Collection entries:
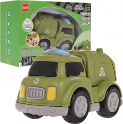 Interaktivno smetarsko vozilo otrokom prinaša veselje in nova spoznanja. Izdelano je iz kakovostne plastike in opremljeno z zvočnimi učinki, kot so zvoki vožnje, vesele melodije in otroški smeh. Svetlobni učinki vključujejo utripajoče barvne lučke na strehi vozila.
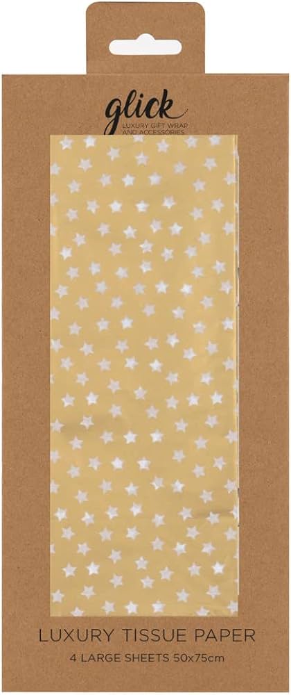 Stuff your special gifts in the sky! This Stars Gold Tissue adds a celestial touch to any present. With its shiny golden stars, your presents will seem out of this world! (And you'll look out of this world for getting them it!)
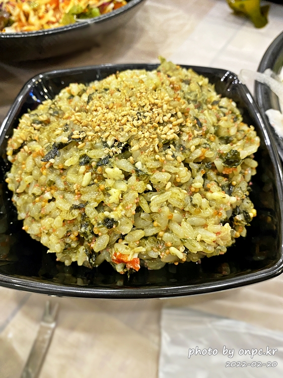 밥 위에 깨도 솔솔 뿌려져 있고~ 참기름 향도 솔솔 나는 고소한 게딱지 밥이에요.
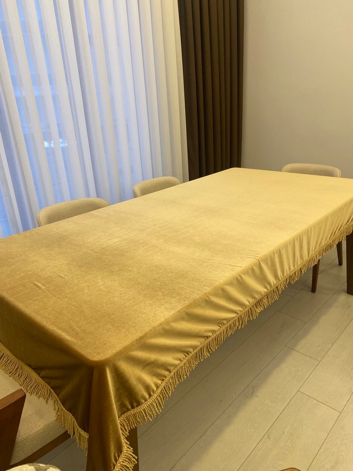 Parlak altın renkli, modern tarzda, desensiz ve püsküllü kenarlara sahip masa örtüsü. 140cm-260cm
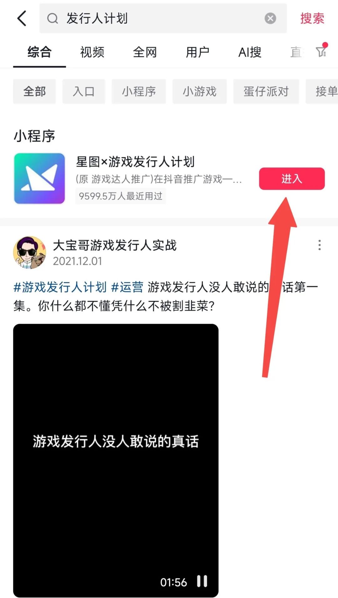 STEP 4:找到"星图x游戏发行人计划"小程序入口,点击"进入"
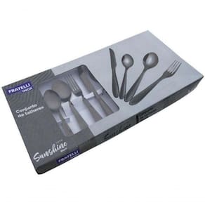 Faqueiro Jogo Talheres Black Aço Inox 24 Peças Sunshine A mesa posta tornou-se uma tendência muito forte, e com isso alguns detalhes fazem toda a diferença na hora de fazer as suas refeições. O nosso Faqueiro Black tem tudo o que você precisa para tornar esse momento único, alinhando estilo e elegância. Todo feito em aço inox garantindo a qualidade, a classe e a durabilidade. A cor Black tem o toque de classe e modernidade. Você não precisa mais de uma ocasião especial para tornar sua refeição em um momento de satisfação. O kit contém 24 peças sendo 6 garfos de mesa, 6 facas de churrasco, 6 colheres de mesa e 6 colheres de chá. Suas dimensões são: -Garfo de Mesa: Altura 21cm x Largura 2,5cm -Colher de Mesa: Altura 21cm x Largura 5cm -Faca de Churrasco: Altura 23cm x Largura 2cm -Colher de Chá: Altura 15cm x Largura 3,5cm
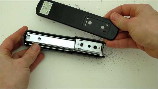 Mayoría de grapadoras se ligan a dos puntos en el stand donde el metal está perforado por los agujeros de la placa base y prensado en su lugar. Para separar las dos mitades de la grapadora, utilice una broca que es un poco más grande que los agujeros de taladro hacia fuera de estas áreas. En la mayoría de aparatos necesita perforar hacia fuera los lados superior e inferior para quitar el metal. En este punto debe desarmarse la grapadora.
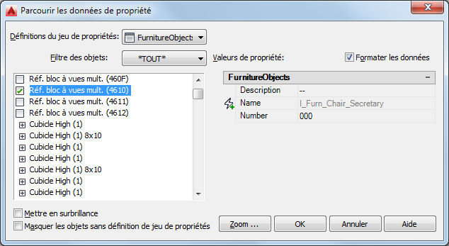 afficher la liste des objets ou styles auxquels un jeu de propriétés est associé | appliquez le filtre des objets au jeu de propriétés. Le volet de gauche répertorie les volets ou les styles auxquels le jeu de propriétés est associé. Si l'option Mettre en surbrillance est sélectionnée, tous les objets auxquels le jeu de propriétés est associé (directement ou par le biais d'un style) sont mis en surbrillance dans le dessin. |
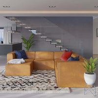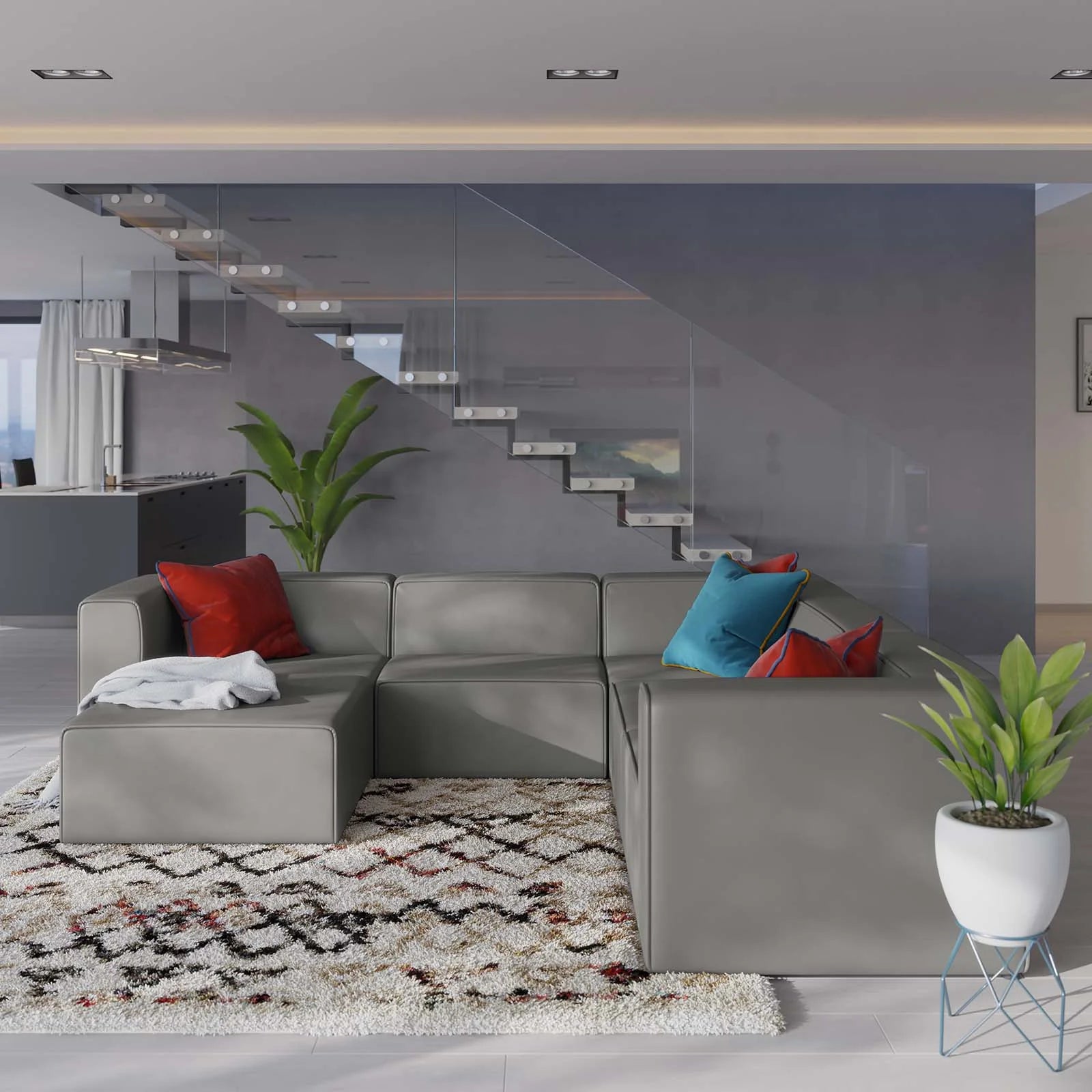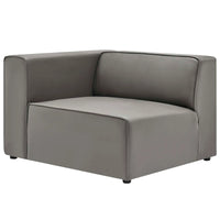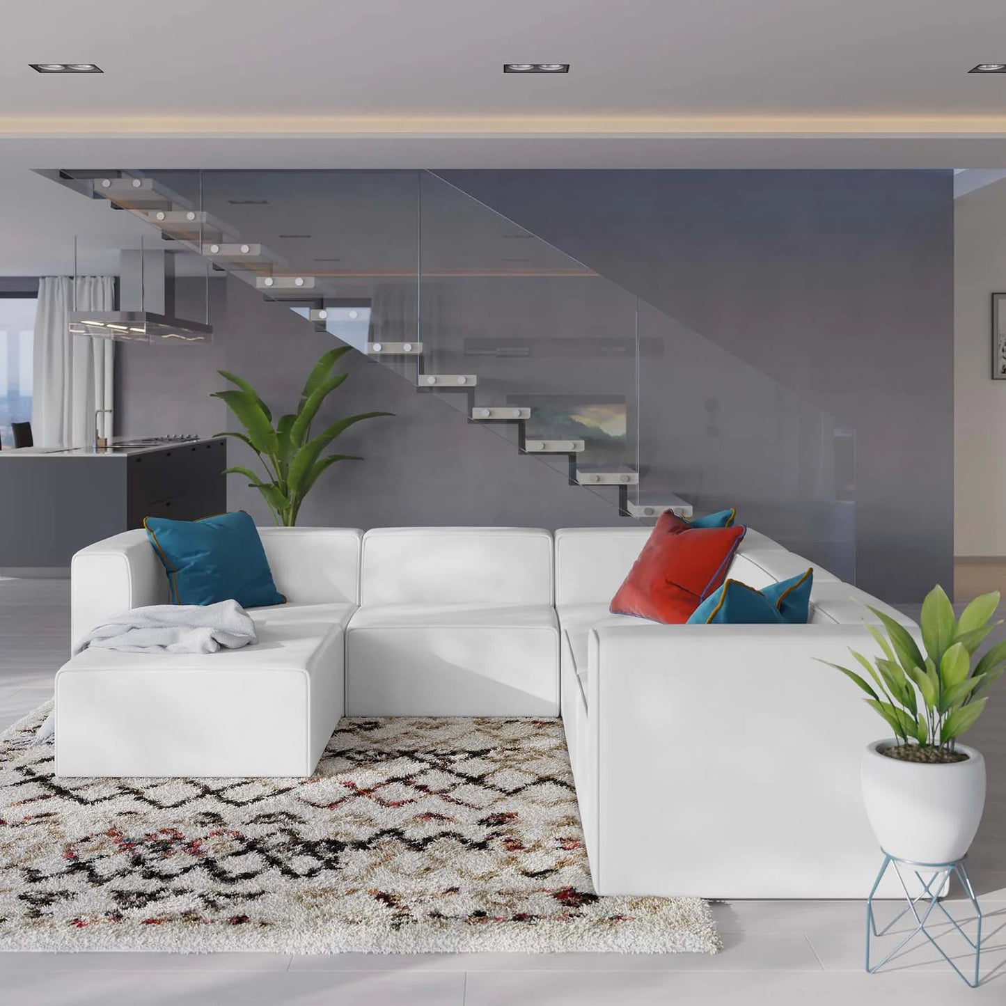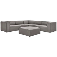 • Kick back and relax with the Mingle Vegan Leather 6-Piece Furniture Set. Designed to wash away the hindrances that obstruct visual space, this living room furniture set comes expansively designed with generous seating and dense foam padding that allows for just the right amount of giving. Mingle easily positions according to the needs of the moment and features rich vegan leather upholstery with elegant piping and plastic legs for steady support. Host animated living or lounge room get-togethers with a modular sectional sofa seating assortment perfect for contemporary modern décors. Set Includes: Left-Arm Chair, Right-Arm Chair, Corner Chair, 2 Armless Chairs, 1 Ottoman, 1 Armchair
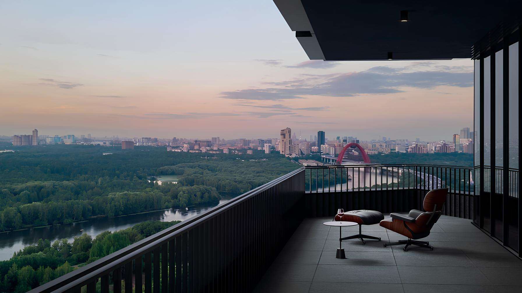 На верхних этажах расположены семь пентхаусов, часть из которых имеет просторные террасы с панорамным обзором. Территория комплекса благоустроена и включает приватный ландшафтный сад и закрытый от посторонних внутренний двор для отдыха резидентов. Рядом находятся такие достопримечательности, как Живописный мост и набережная Москвы-реки, открывающие захватывающие виды прямо из окон.

The task: If the data includes images, skip them and copy every line exactly.

Reply:
 Interaktivno smetarsko vozilo otrokom prinaša veselje in nova spoznanja. Izdelano je iz kakovostne plastike in opremljeno z zvočnimi učinki, kot so zvoki vožnje, vesele melodije in otroški smeh. Svetlobni učinki vključujejo utripajoče barvne lučke na strehi vozila.
 Stuff your special gifts in the sky! This Stars Gold Tissue adds a celestial touch to any present. With its shiny golden stars, your presents will seem out of this world! (And you'll look out of this world for getting them it!)
 밥 위에 깨도 솔솔 뿌려져 있고~ 참기름 향도 솔솔 나는 고소한 게딱지 밥이에요.
 Parlak altın renkli, modern tarzda, desensiz ve püsküllü kenarlara sahip masa örtüsü. 140cm-260cm
 STEP 4:找到"星图x游戏发行人计划"小程序入口,点击"进入"
 Faqueiro Jogo Talheres Black Aço Inox 24 Peças Sunshine A mesa posta tornou-se uma tendência muito forte, e com isso alguns detalhes fazem toda a diferença na hora de fazer as suas refeições. O nosso Faqueiro Black tem tudo o que você precisa para tornar esse momento único, alinhando estilo e elegância. Todo feito em aço inox garantindo a qualidade, a classe e a durabilidade. A cor Black tem o toque de classe e modernidade. Você não precisa mais de uma ocasião especial para tornar sua refeição em um momento de satisfação. O kit contém 24 peças sendo 6 garfos de mesa, 6 facas de churrasco, 6 colheres de mesa e 6 colheres de chá. Suas dimensões são: -Garfo de Mesa: Altura 21cm x Largura 2,5cm -Colher de Mesa: Altura 21cm x Largura 5cm -Faca de Churrasco: Altura 23cm x Largura 2cm -Colher de Chá: Altura 15cm x Largura 3,5cm
 Mayoría de grapadoras se ligan a dos puntos en el stand donde el metal está perforado por los agujeros de la placa base y prensado en su lugar. Para separar las dos mitades de la grapadora, utilice una broca que es un poco más grande que los agujeros de taladro hacia fuera de estas áreas. En la mayoría de aparatos necesita perforar hacia fuera los lados superior e inferior para quitar el metal. En este punto debe desarmarse la grapadora.
 afficher la liste des objets ou styles auxquels un jeu de propriétés est associé | appliquez le filtre des objets au jeu de propriétés. Le volet de gauche répertorie les volets ou les styles auxquels le jeu de propriétés est associé. Si l'option Mettre en surbrillance est sélectionnée, tous les objets auxquels le jeu de propriétés est associé (directement ou par le biais d'un style) sont mis en surbrillance dans le dessin. |
 • Kick back and relax with the Mingle Vegan Leather 6-Piece Furniture Set. Designed to wash away the hindrances that obstruct visual space, this living room furniture set comes expansively designed with generous seating and dense foam padding that allows for just the right amount of giving. Mingle easily positions according to the needs of the moment and features rich vegan leather upholstery with elegant piping and plastic legs for steady support. Host animated living or lounge room get-togethers with a modular sectional sofa seating assortment perfect for contemporary modern décors. Set Includes: Left-Arm Chair, Right-Arm Chair, Corner Chair, 2 Armless Chairs, 1 Ottoman, 1 Armchair
 На верхних этажах расположены семь пентхаусов, часть из которых имеет просторные террасы с панорамным обзором. Территория комплекса благоустроена и включает приватный ландшафтный сад и закрытый от посторонних внутренний двор для отдыха резидентов. Рядом находятся такие достопримечательности, как Живописный мост и набережная Москвы-реки, открывающие захватывающие виды прямо из окон.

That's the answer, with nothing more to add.